For most patients diagnosed with kidney cancer, the standard playbook is clear. Immunotherapy and targeted therapies directed against blood vessel growth have revolutionized treatment, offering hope even in advanced cases. But for a rare and aggressive kidney cancer known as renal medullary carcinoma, or RMC, that same playbook can be dangerous. In fact, standard treatments may actually feed the disease.

In an interview with Targeted Oncology, Pavlos Msaouel, MD, PhD, an associate professor at The University of Texas MD Anderson Cancer Center in Houston, shared his insights on this rare subtype of renal cell carcinoma.

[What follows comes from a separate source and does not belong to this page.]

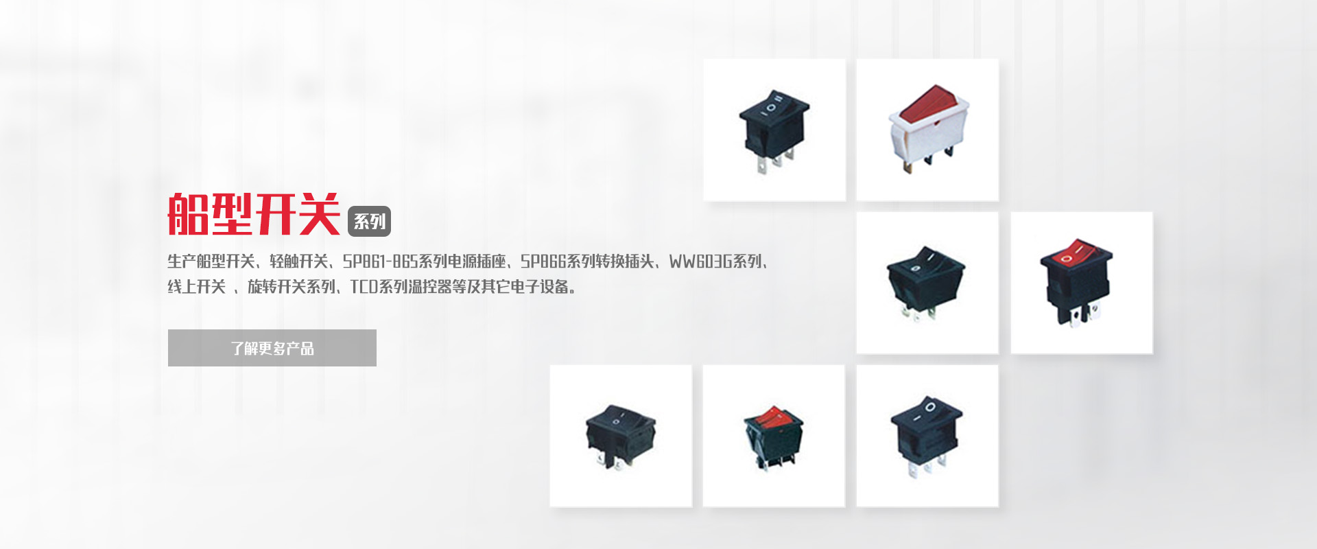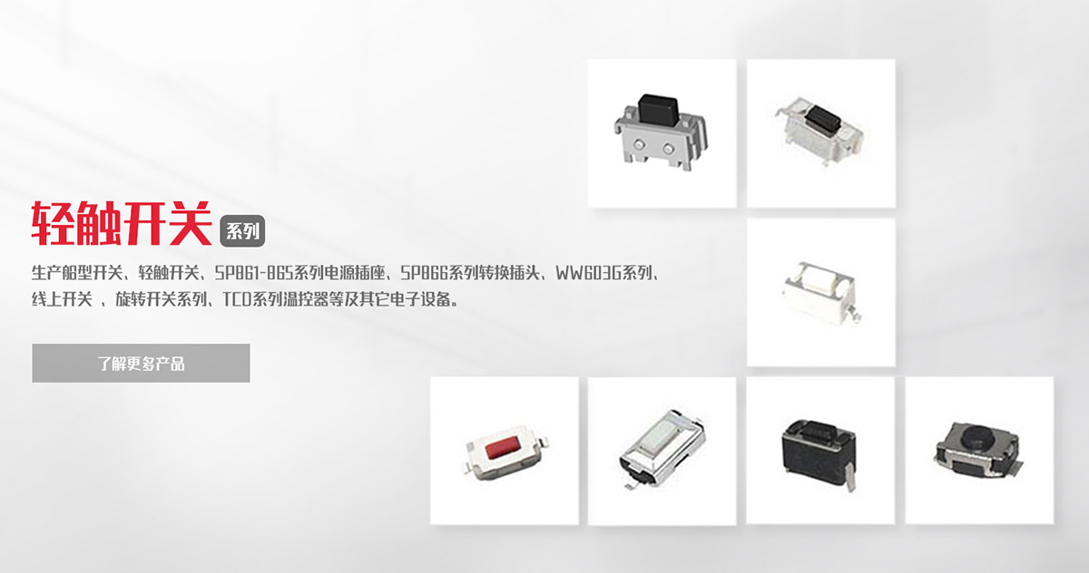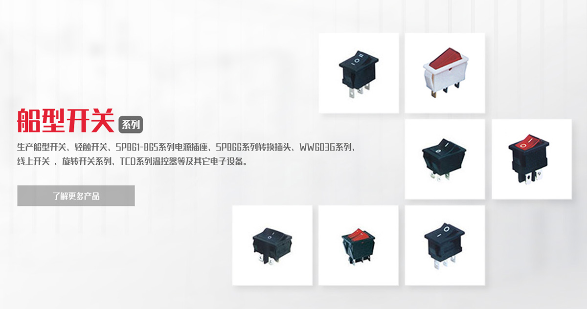致力于船型開關(guān)、負(fù)載開關(guān)、輕觸開關(guān)、微動(dòng)開關(guān)等產(chǎn)品的研發(fā)、制造、銷售。

RMC is a cancer that strikes young individuals, typically between the ages of 12 and 45, with a median age of just 29 years old, according to the interview transcript. In the United States, it disproportionately affects people of African descent, not because of race itself but because of the high prevalence of sickle cell trait within this population.1 Approximately 70% to 75% of cases present with a right-sided kidney mass, making RMC the only kidney cancer that prefers one side over the other.2

“You should always think of RMC when you see a young individual in the US of African descent, male, typically aged between 12 to 45 years old,” Dr Msaouel said. “The median age is around 29 years old, with an interquartile range of 23 to 38 years old, which means that about half of patients with RMC will be aged between 23 to 38 years old.”

Red Flags

Unlike more common renal cell carcinomas, RMC is almost always metastatic at the time of diagnosis. Approximately 85% of cases spread to the retroperitoneal lymph nodes, while about 65% metastasize to the lungs.1,3 For community oncologists, recognizing the constellation of clinical clues is critical because the treatment approach diverges so dramatically from standard kidney cancer care.

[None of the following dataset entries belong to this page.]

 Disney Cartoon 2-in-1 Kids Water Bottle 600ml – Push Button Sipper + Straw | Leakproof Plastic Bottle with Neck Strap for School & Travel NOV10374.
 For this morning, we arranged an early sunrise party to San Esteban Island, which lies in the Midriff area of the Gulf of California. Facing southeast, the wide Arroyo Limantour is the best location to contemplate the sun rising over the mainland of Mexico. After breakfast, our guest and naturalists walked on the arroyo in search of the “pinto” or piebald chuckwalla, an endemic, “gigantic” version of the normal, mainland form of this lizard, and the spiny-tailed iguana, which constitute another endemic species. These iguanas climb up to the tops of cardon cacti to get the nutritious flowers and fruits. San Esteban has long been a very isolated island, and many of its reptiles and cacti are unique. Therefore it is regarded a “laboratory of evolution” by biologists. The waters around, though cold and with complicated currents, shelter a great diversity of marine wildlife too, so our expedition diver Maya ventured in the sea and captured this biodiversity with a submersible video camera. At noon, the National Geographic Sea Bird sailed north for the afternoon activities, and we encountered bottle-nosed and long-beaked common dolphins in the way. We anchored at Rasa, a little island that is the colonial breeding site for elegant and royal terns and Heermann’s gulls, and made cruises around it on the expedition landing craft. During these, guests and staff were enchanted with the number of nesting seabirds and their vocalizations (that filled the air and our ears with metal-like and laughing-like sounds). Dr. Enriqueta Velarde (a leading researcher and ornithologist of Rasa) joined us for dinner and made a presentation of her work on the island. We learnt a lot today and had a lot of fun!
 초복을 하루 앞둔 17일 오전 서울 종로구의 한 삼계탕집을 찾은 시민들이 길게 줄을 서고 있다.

“Based just on that information, the conditional probability that this is RMC immediately exceeds essentially 50% ,” Msaouel explained. “So you need to think of RMC when you have all of these factors.”

The most definitive diagnostic test is immunohistochemistry for INI1, also known as SMARCB1. If the tumor does not express INI1, that confirms the diagnosis of RMC. Dr Msaouel emphasized a common pitfall: next-generation sequencing assays often fail to detect the molecular alterations that cause SMARCB1 loss. Only about 15% of RMC cases will have detectable mutations on standard DNA sequencing.4 This has led to confusion even among academic oncologists, who may mistakenly rule out RMC based on a clean sequencing report.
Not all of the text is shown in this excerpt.